:: Data supplied ::
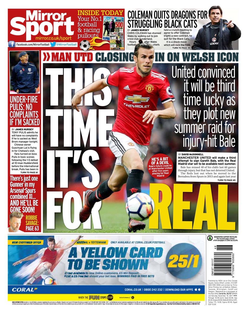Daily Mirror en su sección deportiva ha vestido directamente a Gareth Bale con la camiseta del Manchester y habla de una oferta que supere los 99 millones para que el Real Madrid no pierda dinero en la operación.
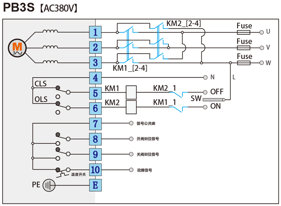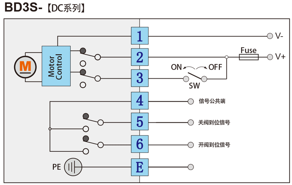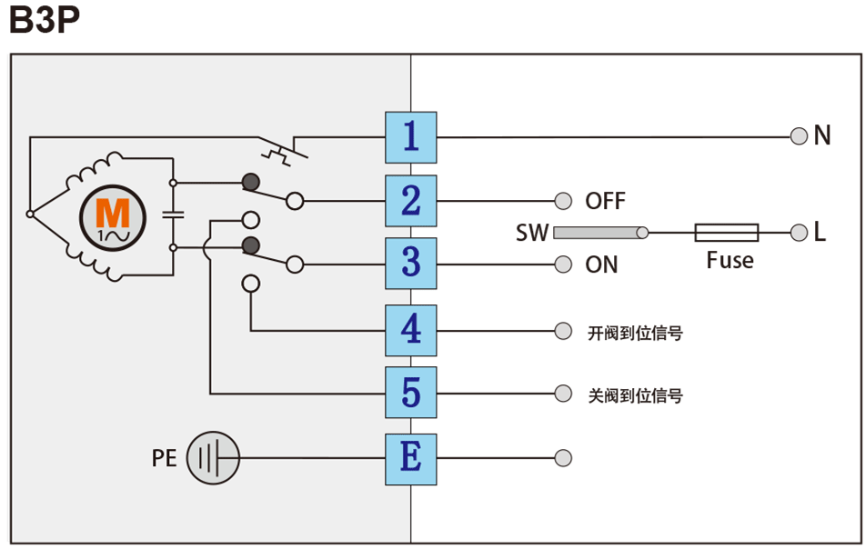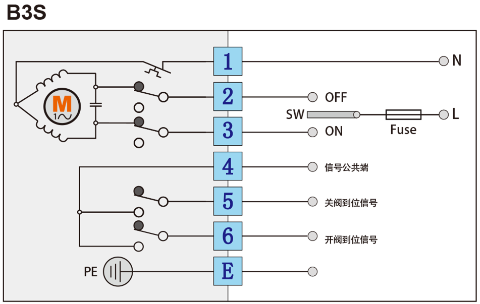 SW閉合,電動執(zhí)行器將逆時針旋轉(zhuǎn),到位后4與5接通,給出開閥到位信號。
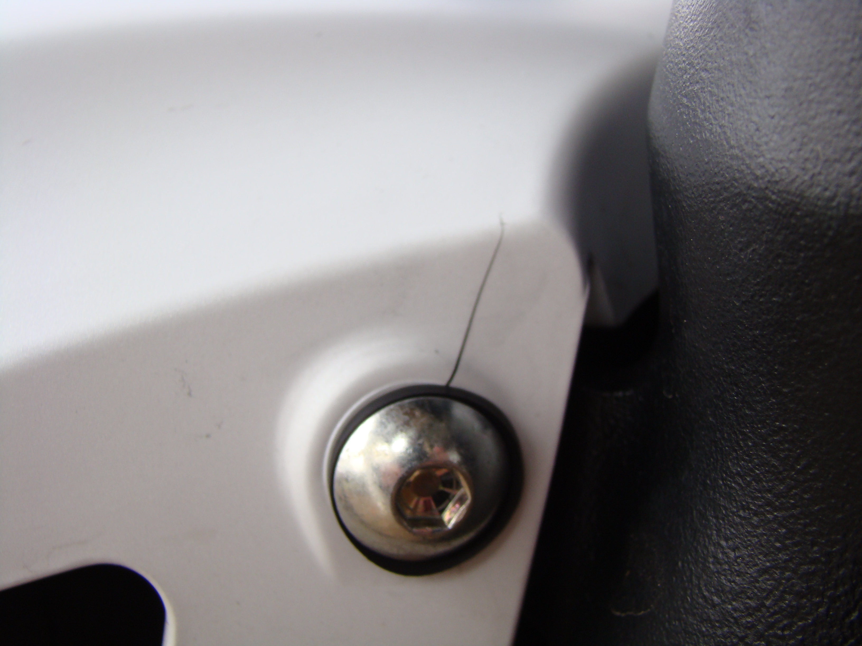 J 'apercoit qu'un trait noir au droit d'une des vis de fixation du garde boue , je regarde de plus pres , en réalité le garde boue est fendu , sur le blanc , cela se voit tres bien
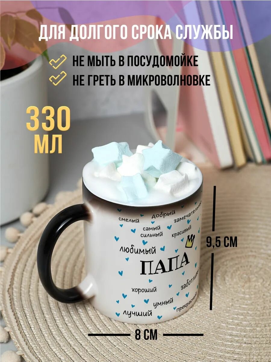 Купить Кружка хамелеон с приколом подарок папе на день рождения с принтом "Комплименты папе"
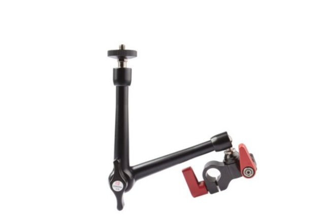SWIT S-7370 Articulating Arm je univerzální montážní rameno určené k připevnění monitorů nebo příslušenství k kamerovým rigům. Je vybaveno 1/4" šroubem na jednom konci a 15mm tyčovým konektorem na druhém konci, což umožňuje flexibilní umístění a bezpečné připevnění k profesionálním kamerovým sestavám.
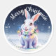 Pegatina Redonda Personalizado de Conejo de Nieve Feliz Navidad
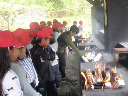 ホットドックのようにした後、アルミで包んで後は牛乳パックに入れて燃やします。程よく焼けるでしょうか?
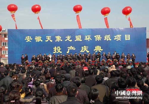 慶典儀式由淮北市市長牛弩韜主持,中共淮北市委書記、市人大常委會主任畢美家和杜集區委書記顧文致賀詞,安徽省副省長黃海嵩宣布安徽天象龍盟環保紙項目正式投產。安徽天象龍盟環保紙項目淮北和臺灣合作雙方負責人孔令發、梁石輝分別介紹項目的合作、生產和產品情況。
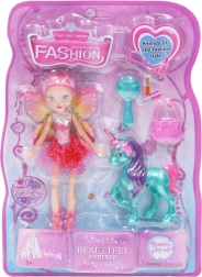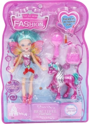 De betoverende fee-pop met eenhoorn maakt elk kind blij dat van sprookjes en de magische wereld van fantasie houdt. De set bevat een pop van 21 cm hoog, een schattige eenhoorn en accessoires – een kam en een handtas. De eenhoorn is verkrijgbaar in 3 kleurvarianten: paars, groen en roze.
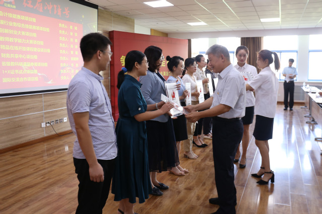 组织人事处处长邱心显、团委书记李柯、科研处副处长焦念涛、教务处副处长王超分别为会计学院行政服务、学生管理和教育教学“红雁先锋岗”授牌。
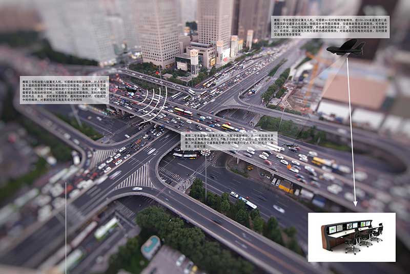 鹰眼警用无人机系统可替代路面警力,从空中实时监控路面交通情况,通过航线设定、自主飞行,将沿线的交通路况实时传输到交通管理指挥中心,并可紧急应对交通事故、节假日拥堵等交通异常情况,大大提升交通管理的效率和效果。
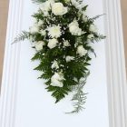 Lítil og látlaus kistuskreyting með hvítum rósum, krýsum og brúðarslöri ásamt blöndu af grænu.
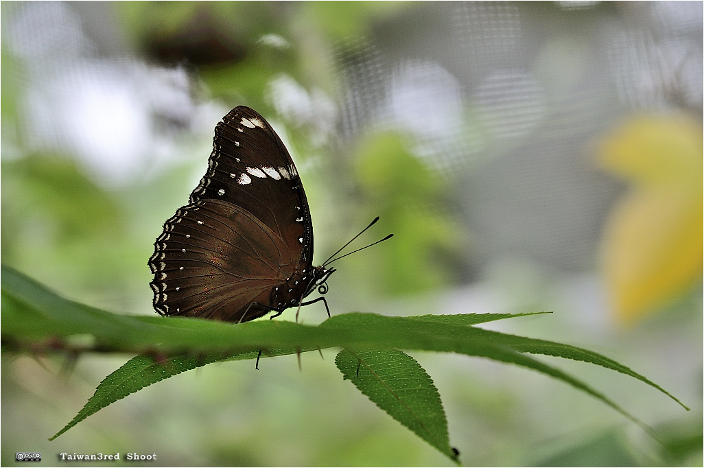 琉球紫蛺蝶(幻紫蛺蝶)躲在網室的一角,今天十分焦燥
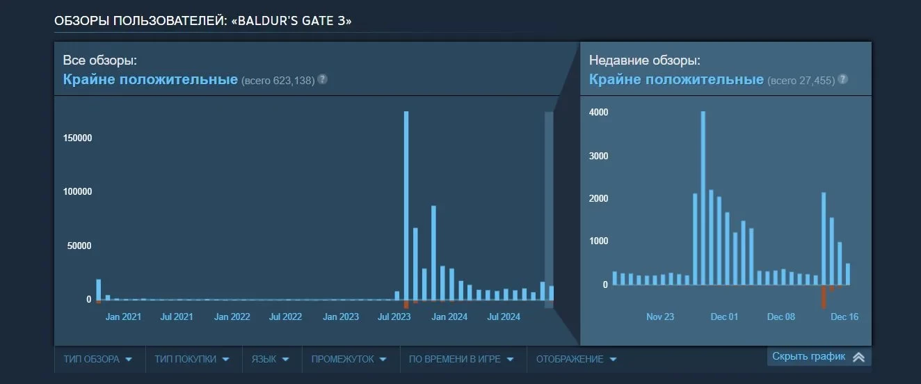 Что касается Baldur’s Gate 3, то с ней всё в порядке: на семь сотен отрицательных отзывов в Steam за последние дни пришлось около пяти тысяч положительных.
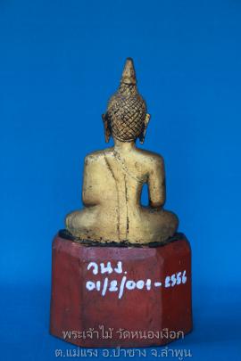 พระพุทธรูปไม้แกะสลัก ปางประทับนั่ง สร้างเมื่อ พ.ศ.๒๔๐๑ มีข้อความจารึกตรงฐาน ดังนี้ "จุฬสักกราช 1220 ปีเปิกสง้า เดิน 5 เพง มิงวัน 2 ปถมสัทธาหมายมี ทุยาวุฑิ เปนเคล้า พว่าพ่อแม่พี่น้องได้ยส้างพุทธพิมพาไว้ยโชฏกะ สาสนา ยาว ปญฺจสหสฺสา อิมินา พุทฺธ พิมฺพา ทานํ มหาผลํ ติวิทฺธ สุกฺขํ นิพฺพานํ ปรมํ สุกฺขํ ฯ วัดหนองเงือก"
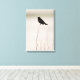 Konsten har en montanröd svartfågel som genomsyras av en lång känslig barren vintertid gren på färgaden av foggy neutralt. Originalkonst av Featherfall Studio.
:::
» **The task**
Please transcribe all of the entries exactly and omit any picture they hold.

» **Your response**
Daily Mirror en su sección deportiva ha vestido directamente a Gareth Bale con la camiseta del Manchester y habla de una oferta que supere los 99 millones para que el Real Madrid no pierda dinero en la operación.
 SW閉合,電動執(zhí)行器將逆時針旋轉(zhuǎn),到位后4與5接通,給出開閥到位信號。
 J 'apercoit qu'un trait noir au droit d'une des vis de fixation du garde boue , je regarde de plus pres , en réalité le garde boue est fendu , sur le blanc , cela se voit tres bien
 Купить Кружка хамелеон с приколом подарок папе на день рождения с принтом "Комплименты папе"
SWIT S-7370 Articulating Arm je univerzální montážní rameno určené k připevnění monitorů nebo příslušenství k kamerovým rigům. Je vybaveno 1/4" šroubem na jednom konci a 15mm tyčovým konektorem na druhém konci, což umožňuje flexibilní umístění a bezpečné připevnění k profesionálním kamerovým sestavám.
 Pegatina Redonda Personalizado de Conejo de Nieve Feliz Navidad
 ホットドックのようにした後、アルミで包んで後は牛乳パックに入れて燃やします。程よく焼けるでしょうか?
 慶典儀式由淮北市市長牛弩韜主持,中共淮北市委書記、市人大常委會主任畢美家和杜集區委書記顧文致賀詞,安徽省副省長黃海嵩宣布安徽天象龍盟環保紙項目正式投產。安徽天象龍盟環保紙項目淮北和臺灣合作雙方負責人孔令發、梁石輝分別介紹項目的合作、生產和產品情況。
 De betoverende fee-pop met eenhoorn maakt elk kind blij dat van sprookjes en de magische wereld van fantasie houdt. De set bevat een pop van 21 cm hoog, een schattige eenhoorn en accessoires – een kam en een handtas. De eenhoorn is verkrijgbaar in 3 kleurvarianten: paars, groen en roze.
 组织人事处处长邱心显、团委书记李柯、科研处副处长焦念涛、教务处副处长王超分别为会计学院行政服务、学生管理和教育教学“红雁先锋岗”授牌。
 鹰眼警用无人机系统可替代路面警力,从空中实时监控路面交通情况,通过航线设定、自主飞行,将沿线的交通路况实时传输到交通管理指挥中心,并可紧急应对交通事故、节假日拥堵等交通异常情况,大大提升交通管理的效率和效果。
 Lítil og látlaus kistuskreyting með hvítum rósum, krýsum og brúðarslöri ásamt blöndu af grænu.
 琉球紫蛺蝶(幻紫蛺蝶)躲在網室的一角,今天十分焦燥
 Что касается Baldur’s Gate 3, то с ней всё в порядке: на семь сотен отрицательных отзывов в Steam за последние дни пришлось около пяти тысяч положительных.
 พระพุทธรูปไม้แกะสลัก ปางประทับนั่ง สร้างเมื่อ พ.ศ.๒๔๐๑ มีข้อความจารึกตรงฐาน ดังนี้ "จุฬสักกราช 1220 ปีเปิกสง้า เดิน 5 เพง มิงวัน 2 ปถมสัทธาหมายมี ทุยาวุฑิ เปนเคล้า พว่าพ่อแม่พี่น้องได้ยส้างพุทธพิมพาไว้ยโชฏกะ สาสนา ยาว ปญฺจสหสฺสา อิมินา พุทฺธ พิมฺพา ทานํ มหาผลํ ติวิทฺธ สุกฺขํ นิพฺพานํ ปรมํ สุกฺขํ ฯ วัดหนองเงือก"
 Konsten har en montanröd svartfågel som genomsyras av en lång känslig barren vintertid gren på färgaden av foggy neutralt. Originalkonst av Featherfall Studio.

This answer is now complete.